Едва примерив новое имя, я бесстрашно зашёл в кабинку за автоматами для игры в пинбол и принялся болтать с ребятами на два-три года старше. Они ведь знали не Джона Уинсента, одиннадцатипалого урода из школы коррекции, а крутого Криса Торна. Быть кем-то другим хотя бы по имени — всё равно что карнавальную маску носить: можно творить что угодно и совершенно безнаказанно.
* * *
Суббота, все гости Луиса под кайфом, а я уже в который раз разглядываю дешёвенький, стоящий на полке сейф. Код-то я знаю: 32П-17Л-26П, а вот сколько там лежит — нет. Залезать неудобно: Луис всё-таки мой друг… Кроме денег, там хранятся телефонные номера и рецепт на гидроморфон (три копии с узором из красных ромбиков на обороте), выписанный на имя женщины, носящей ту же фамилию, что Луис, — его матери.
— Можешь подделать? — спросил Луис. Оказывается, рецепт он выкрал из дома матери, якобы страдающей хронической болезнью. Вечером его нужно вернуть на место, и если я смогу помочь, он хорошо заплатит. Я обещал попробовать. Лезвия, трафареты, клей и «штрих» хранятся у Луиса, потому что дома их просто негде складировать. Наша с Шелли спальня разделена пополам перегородкой: дверь с моей стороны, зато у сестры три дополнительных метра. Умещаются лишь лежащий на полу матрас, ящик с учебниками и два полиэтиленовых мешка: один для чистых вещей, второй — для грязных.

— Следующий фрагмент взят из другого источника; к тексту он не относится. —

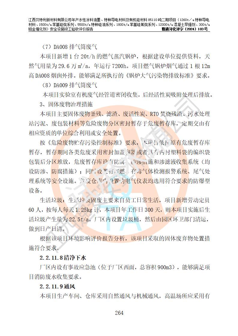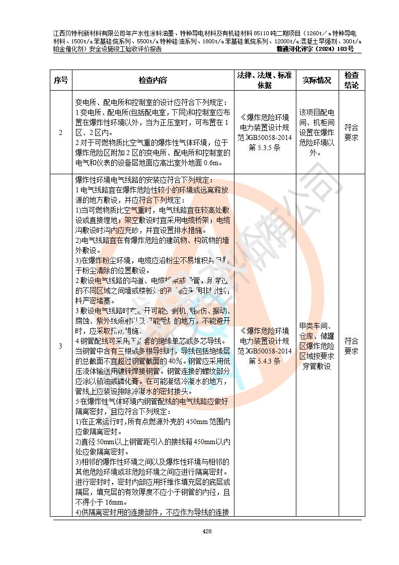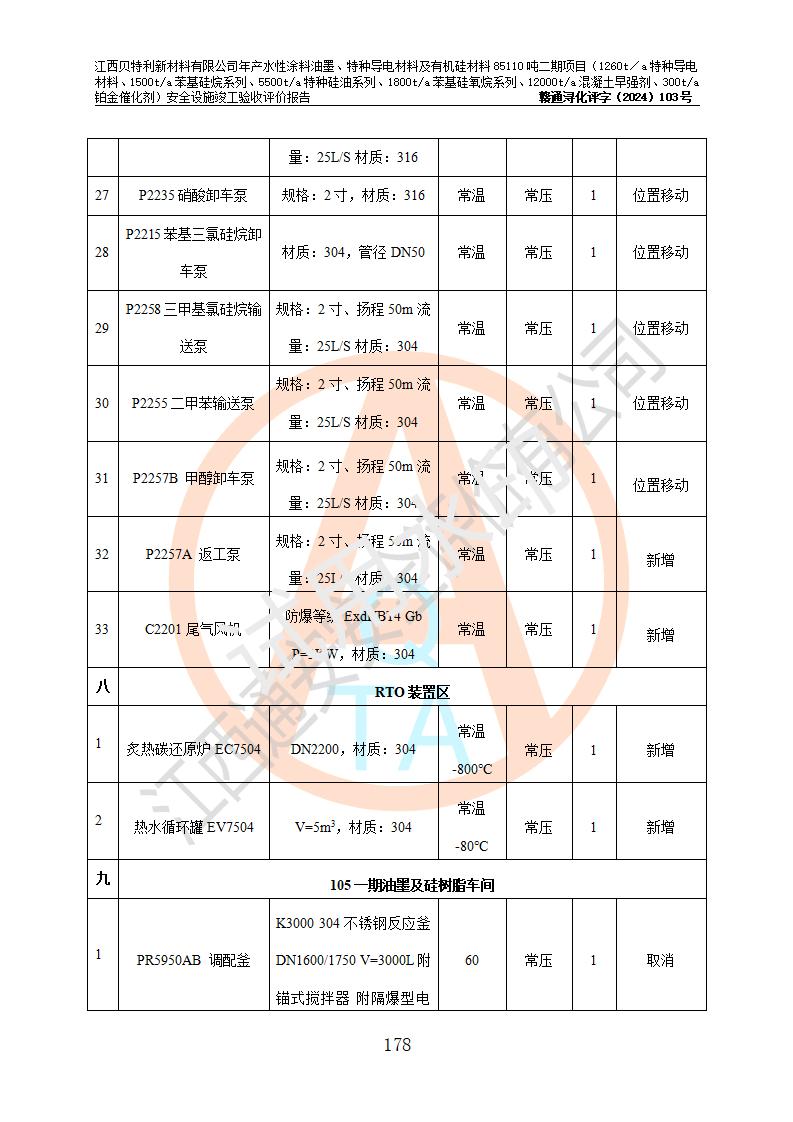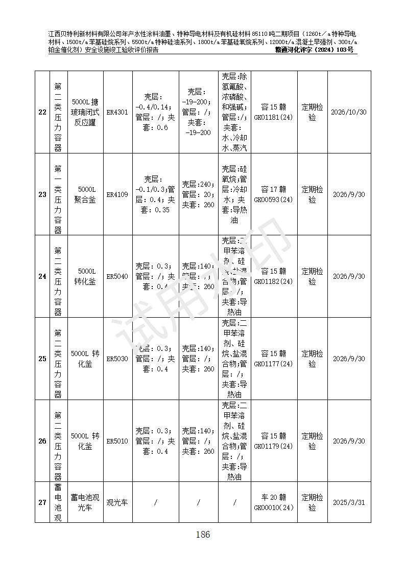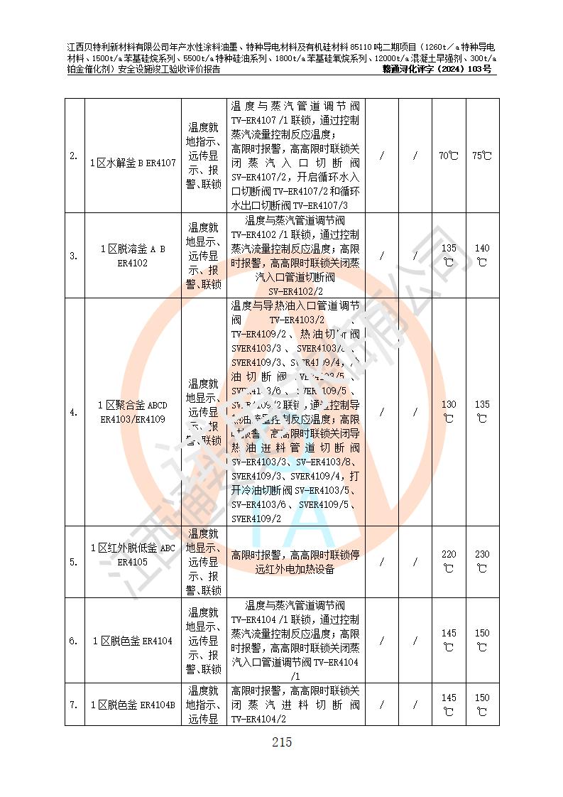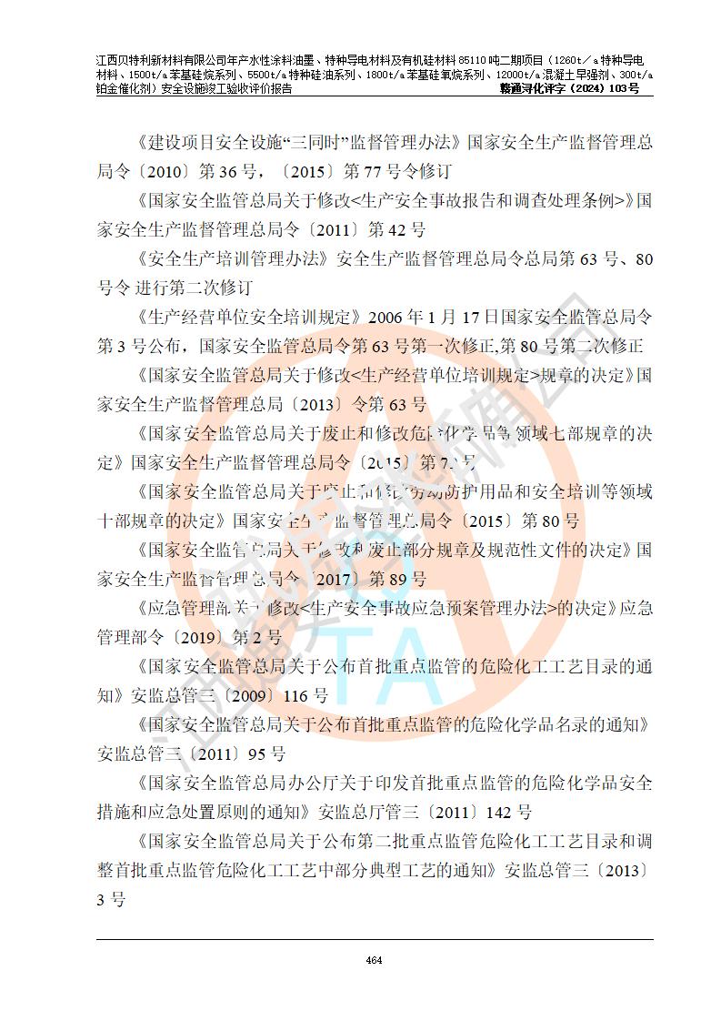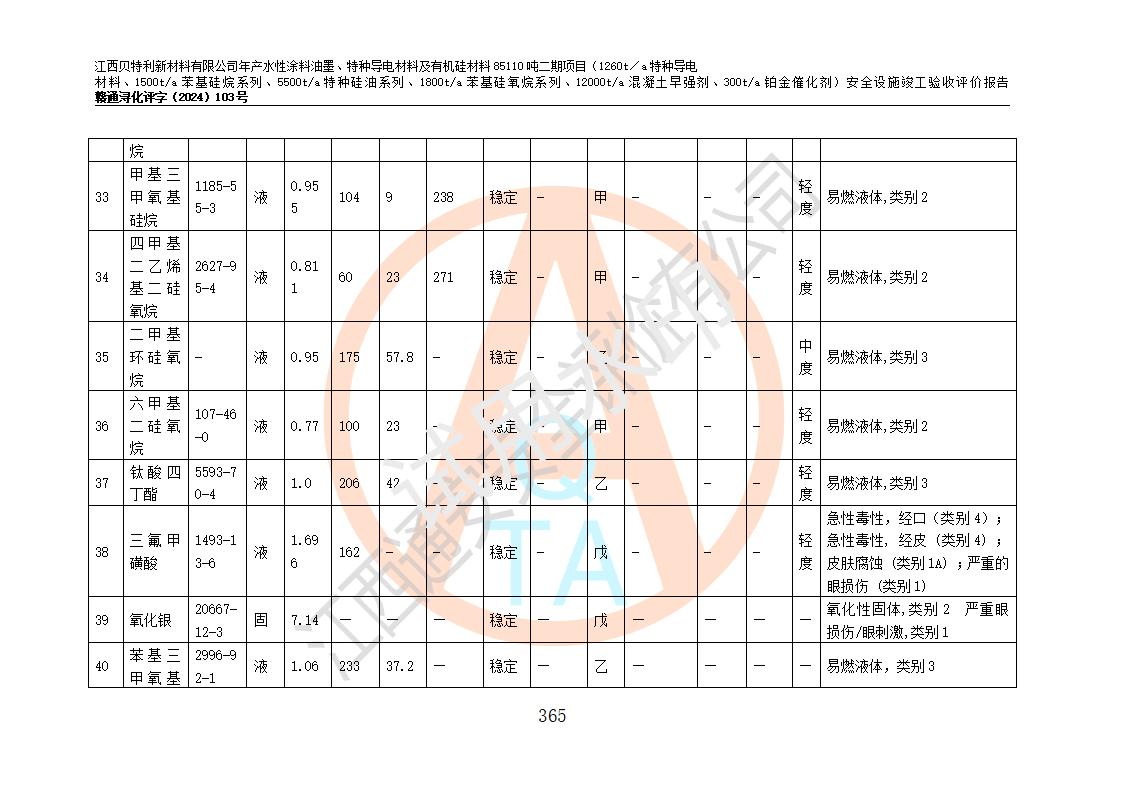 評價報告名稱 | 江西貝特利新材料有限公司年產(chǎn)水性涂料油墨、特種導電材料及有 機硅材料85110噸二期項目(1260t/a特種導電材料、1500t/a苯基硅烷系列、5500t/a特種硅油系列、1800t/a苯基硅氧烷系列、12000t/a混凝土早強劑、300t/a鉑金催化劑)安全設施竣工驗收評價報告 | |||||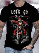 T-Shirt a Maniche Corte Nera da Uomo - Stampa Grafica Babbo Natale in Moto e Girocollo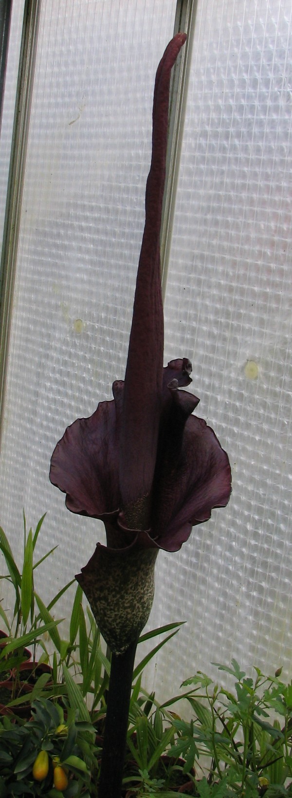 Amorphophallus ist eine Gattung der Aronstabgewächse. Am bekanntesten dürfte Amorphophallus titanum sein. Wenn diese tropische Art in botanischen Gärten blüht steht es in den Zeitungen! Ihr gigantischer Blütenstand ist der Größte im Pflanzenreich!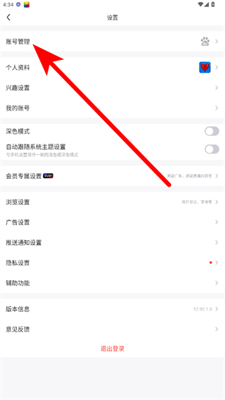 3、在設(shè)置界面中,點(diǎn)擊賬號(hào)管理選項(xiàng),進(jìn)入賬號(hào)管理界面。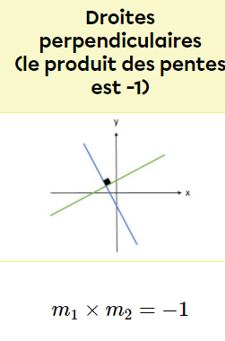 Pour le b), on sait que dans un triangle rectangle, il y a un angle droit, et donc 2 de ses côtés sont perpendiculaires. Ainsi, pour déterminer s'il s'agit d'un triangle rectangle, il faut trouver si deux de ces droites sont perpendiculaires entre-elles. Deux droites sont perpendiculaires lorsque le produit de leur pente donne -1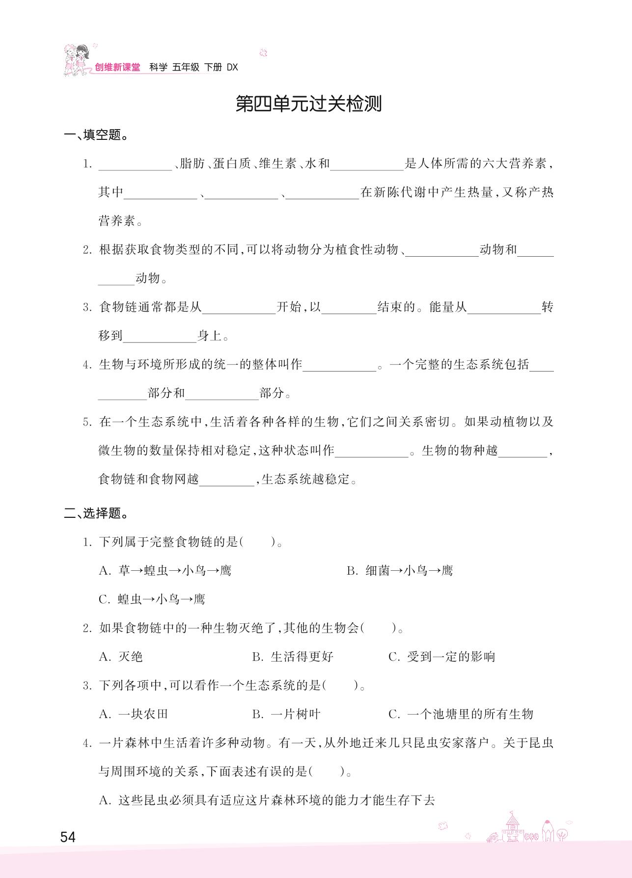 2022下册五年级科学大象版 第四单元 食物与能量——第四单元过关检测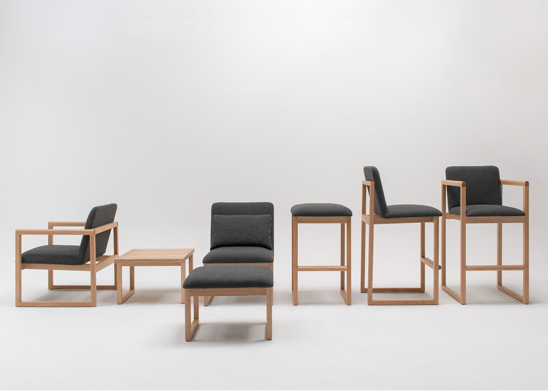 ほどよい太さのある水平垂直な木部フレームが、和の落ち着きを感じさせる椅子とテーブル。トネリコの米谷ひろし氏が、建築に溶け込む家具としてデザインしたリビングアイテムです。「座布団のような無造作感(米谷氏)」を表現したクッション部は、モールド発泡ウレタンを併用して腰掛ける人の体をやさしく受け止める仕上がりに。ソファーとは異なるパーソナルなくつろぎが生まれ、ホテルや応接室など長時間過ごす場面にも対応します。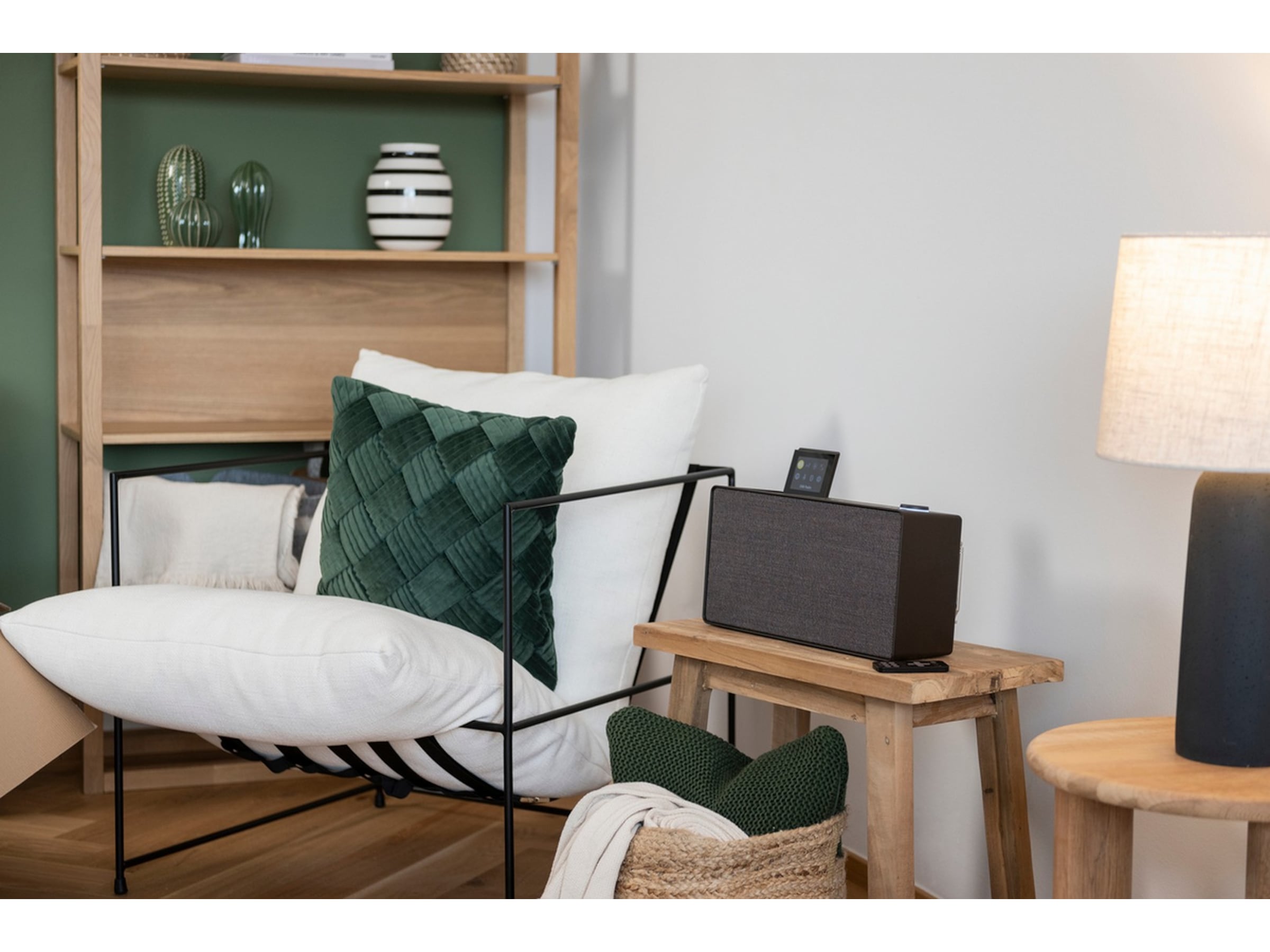 Et flott alternativ til et klassisk Hi-Fi-anlegg som tilbyr lydinnhold fra Spotify Connect, internasjonale radiostasjoner, DAB+ eller din private CD-samling.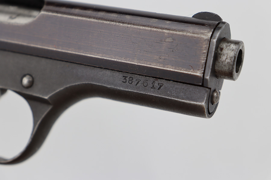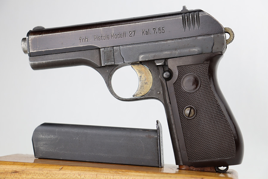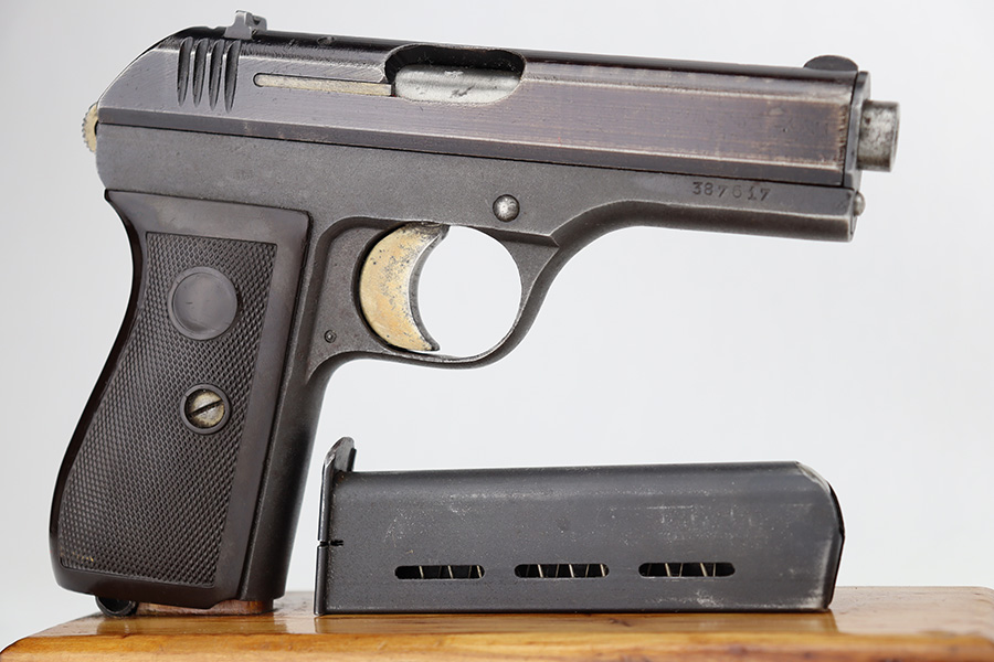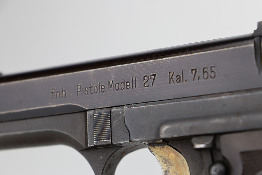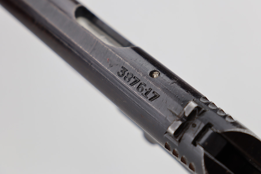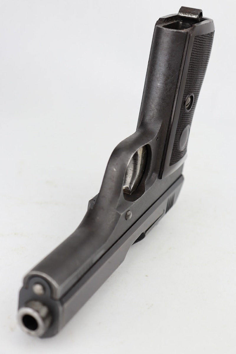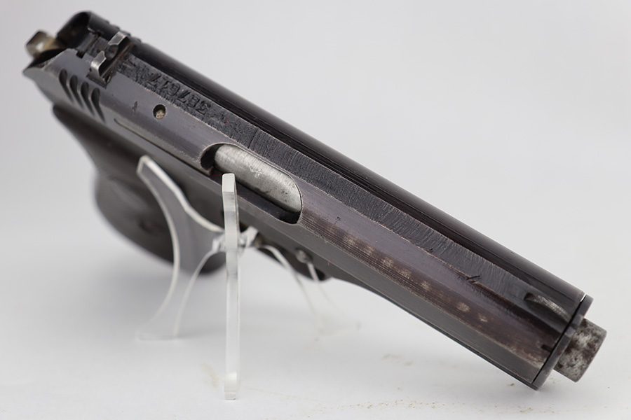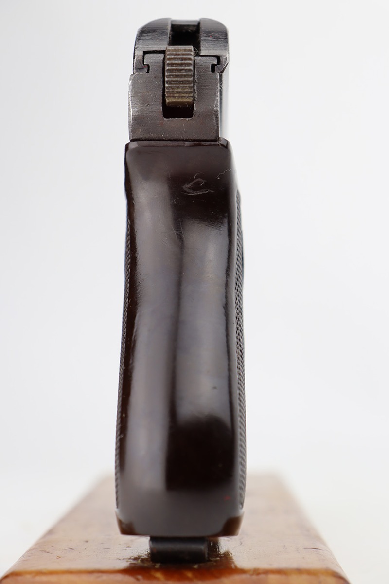 6/12/23 – This is a very nice example of a CZ Model 27 issued to the Nazi military during WW2. All matching with the proper “Waffen 76” military acceptance proof on the right side of the frame. It has retained about 90-92% of its original finish. There is minor wear along both sides of the slide, concentrated mostly around the high edges. Some light spotty oxidation on the front strap. Fitted with a very nice period-correct bakelite grip – tiny chips in the bottom front corners. Comes with one proper magazine. Mint bore. The hold-open does not work properly with this magazine.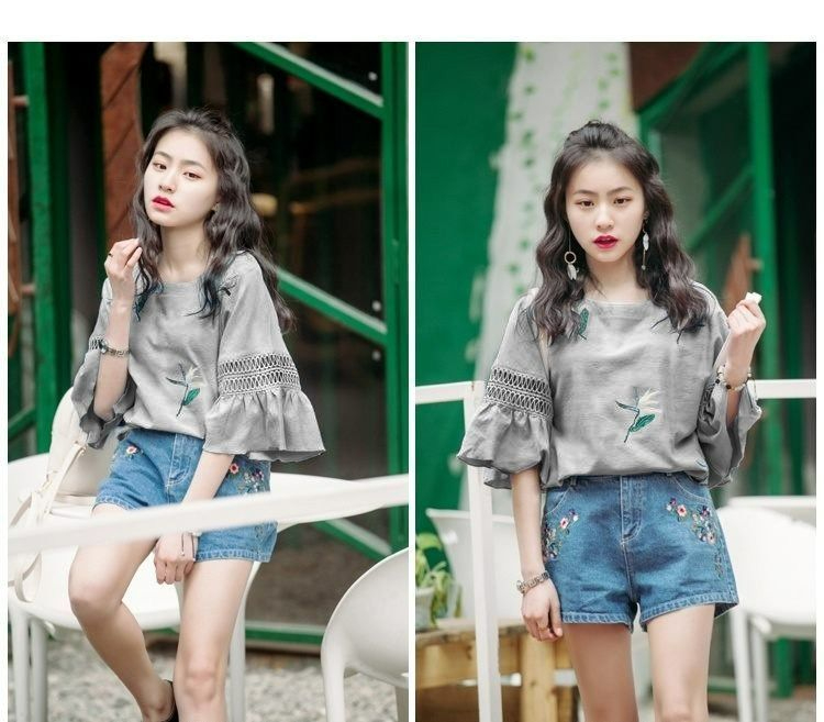 デニムパンツ ビジュー付き

Заиграла новая пластинка: я поставил Игги и «Студжей», альбом «Чистая сила». Пока все спали, бездумно смотрел в потолок или бренчал на гитаре Луиса. Вообще-то у него целых две, но никто никогда не видел, чтобы он играл. Всё, пора садиться за рецепт. Я очень старался, воссоздавая слой за слоем, строчку за строчкой. Как хорошо: можно не прятать палец, не волноваться, что кто-то смотрит на меня разинув рот или что я тупо стою у доски, не в состоянии ответить на элементарный вопрос. Четыре строчки были полностью готовы, когда в дверь постучали. Луис пожимает руку и вполголоса разговаривает с клиентами, которые в квартиру никогда не заходят.